In the Type-B structure, the maximum combined stress in the upper chord, lower chord, and web members was −94.8, 110.3, and 42.4 MPa, with average values of 20.1, 24.9, and 7.8 MPa. The maximum direct stress in the members was 19.0, 87.4, and 23.9 MPa, with average values of 16.9, 23.3, and 5.0 MPa. The maximum out-of-plane bending stress in the members was 22.4, 28.8, and 25.6 MPa, with average values of 3.6, 4.2, and 4.2 MPa. The out-of-plane bending stress mainly existed in the connection area of the tie rod, with 0 MPa near the support.

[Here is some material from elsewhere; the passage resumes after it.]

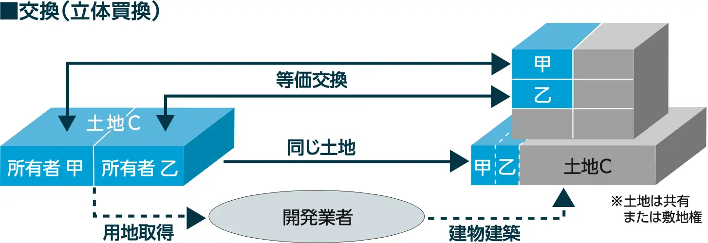 土地・建物等の譲渡による譲渡所得の課税対象となる取引には、一般的な土地・建物等の売却のほかに、買換えや交換といった取引も含まれます。

Similarly, in the Type-C structure, the maximum combined stress in the upper chord, lower chord, and web members was −78.6, 87.2, and 61.5 MPa, with average values of 15.4, 20.2, and 5.8 MPa. The maximum direct stress for the members was 18.6, 69.6, and 23.3 MPa, with average values of 13.9, 19.2, and 3.6 MPa. The maximum out-of-plane bending stresses were 22.4, 28.8, and 25.6 MPa, with average values of 4.3, 1.8, and 3.1 MPa.
3.2.3. Stress of the First Arch Frame
Figure 9,
Figure 10 and
Figure 11 show the stress distribution of the first arch under seven load conditions for three structures. It was observed that the distribution of stress in the first arch was similar to that of the second one, but the stress values were much smaller than those of the second arch frame. Under Load action 3, the maximum combined stress in the arch frame of the Type-A structure was −105.5 MPa, and the average value was 27.5 MPa. In the Type-B structure, the maximum combined stress in the upper chord, lower chord, and web members was −38.7, −45.2, and 44.3 MPa, with average values of 7.7, 9.4, and 6.4 MPa. The maximum direct stress in the members was 23.2, 26.2, and 9.3 MPa, with average values of 5.3, 6.9, and 2.4 MPa. The maximum out-of-plane bending stress in the members was 20.0, 27.3, and 33.3 MPa, with average values of 3.4, 4.4, and 5.3 MPa. Similarly, in the Type-C structure, the maximum combined stress in the upper chord, lower chord, and web members was 36.9, 31.1, and 49.6 MPa, with average values of 7.9, 7.8, and 4.8 MPa. The maximum direct stress in the members was 27.2, 23.6, and 12.3 MPa, with average values of 5.6, 7.3, and 2.9 MPa. The maximum out-of-plane bending stresses were 21.5, 12.1, and 45.2 MPa, with average values of 4.8, 1.7, and 3.0 MPa.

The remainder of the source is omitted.